In short, you need not avoid Python or learn some other programming language just because someone tells you Python is slow. Of course, sometimes there is a need for speed. If you want to eke out the best performance from the available hardware, you may need to learn a compiled language. However, you might want to see how much you can improve a Python program first.

The goal of this post and its sequel is to provide some tools and tips for improving the performance of Python programs. In this post, we will look at some profiling tools — sophisticated stopwatches for timing programs as they execute. In the next post, we will use these tools to demonstrate some general principles that will help you speed up your Python programs.

Before proceeding, I offer this advice: If your program already runs fast enough, do not bother with profiling and optimization. There are an endless number of interesting problems waiting to be solved, and the question of how to improve the performance of a particular program by 20 percent is probably not one of them.

I have included a sample module <calculator.py> and a sample script <test.py> at the end of this post, which I will use to illustrate some of the profiling tools. You can copy and paste these into your own working directory to replicate the examples, or you can try the profiling tools on some of your own modules and scripts.
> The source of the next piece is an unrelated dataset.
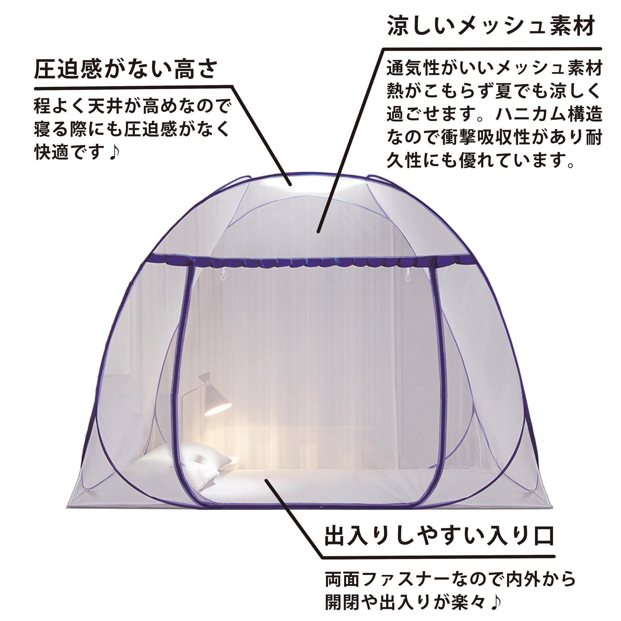 【簡単ワンタッチ式 蚊帳】ワンタッチで手間なく設置が可能なテント型の蚊帳です。寝室・ベッド用としてはもちろんキャンプ・アウトドアにも!屋外室内問わずお使い頂けるアイテムです。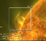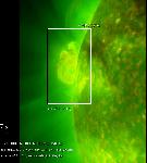 An interesting prominence right at the north pole in projection. It must be located at a very high latitude to appear there.

## How Long Does It Really Take?

To improve the performance of a program, it is useful to gather quantitative data on how long it takes to run. This is called profiling. If the program takes a long time to run, you may be able to use your wristwatch to time it. For more accurate measurements, IPython provides some useful “magic” commands. These are commands preceded by a percent sign that must be entered at the IPython command prompt. (See Section 1.2.1 of A Student’s Guide to Python for Physical Modeling.)
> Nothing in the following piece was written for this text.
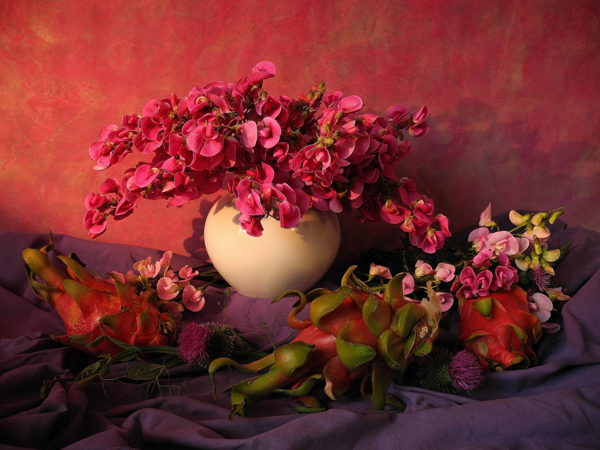 Nature morte avec des fruits et des fleurs sur fond rouge

All the commands that follow should by entered at the IPython command prompt.

### The %time Command

%time is a basic stopwatch. It will tell you how much time elapses on your computer’s internal clock while a command is executed.

Try the following commands at an IPython command prompt and investigate the information provided by %time:

%time 2**100
%time pow(2,100)


You should see something like this:

CPU times: user 6 us, sys: 2 us, total: 8 us
Wall time: 14.1 us


The output includes several times: user, sys, total, and Wall time. Wall time is the time you would have measured with your stopwatch, were your reflexes fast enough. It is not a very good metric of how efficient a program is because it includes the time your job spent waiting in line to run as well as interruptions by other processes that your operating system thought were more important. user measures how much time your CPU spent running your code. sys is the amount of time devoted to such processes as memory access, reading and writing data, gathering input, and displaying output. total is the sum of user and sys. It is the best measure of performance, and it may be significantly less than Wall time.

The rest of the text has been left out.